Pero no: ella atravesaba las paredes. No sabía hacer otra cosa. Nadie le había dicho nunca que no pudiera hacerlo. Por eso se movía por la ciudad como un ser feérico. Paseaba por calles que nadie podía ver, y eso hacía que su música fuera salvaje, extraña, libre.

Al final costó veintitrés cartas, seis canciones y, aunque me avergüenza decirlo, un poema.

No fue solo eso, desde luego. Las cartas por sí solas no pueden conquistar el corazón de una mujer.

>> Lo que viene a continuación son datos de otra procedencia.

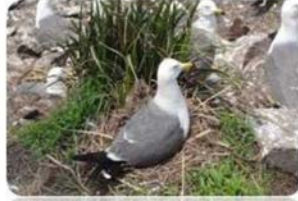
괭이갈매기 알 채취

Alveron también cumplió con su papel en el cortejo. Y después de revelarse como el pretendiente anónimo de Meluan, hizo la mejor parte del trabajo, atrayendo lentamente a Meluan a su lado con la tierna reverencia que sentía por ella.

Pero mis cartas llamaron la atención de Meluan. Mis canciones la atrajeron lo suficiente para que Alveron pudiera desplegar su lento y locuaz encanto.

Aun así, solo puedo reclamar una pequeña parte del mérito por las cartas y las canciones. Y en cuanto al poema, solo hay una cosa en el mundo que podría llevarme a cometer semejante locura.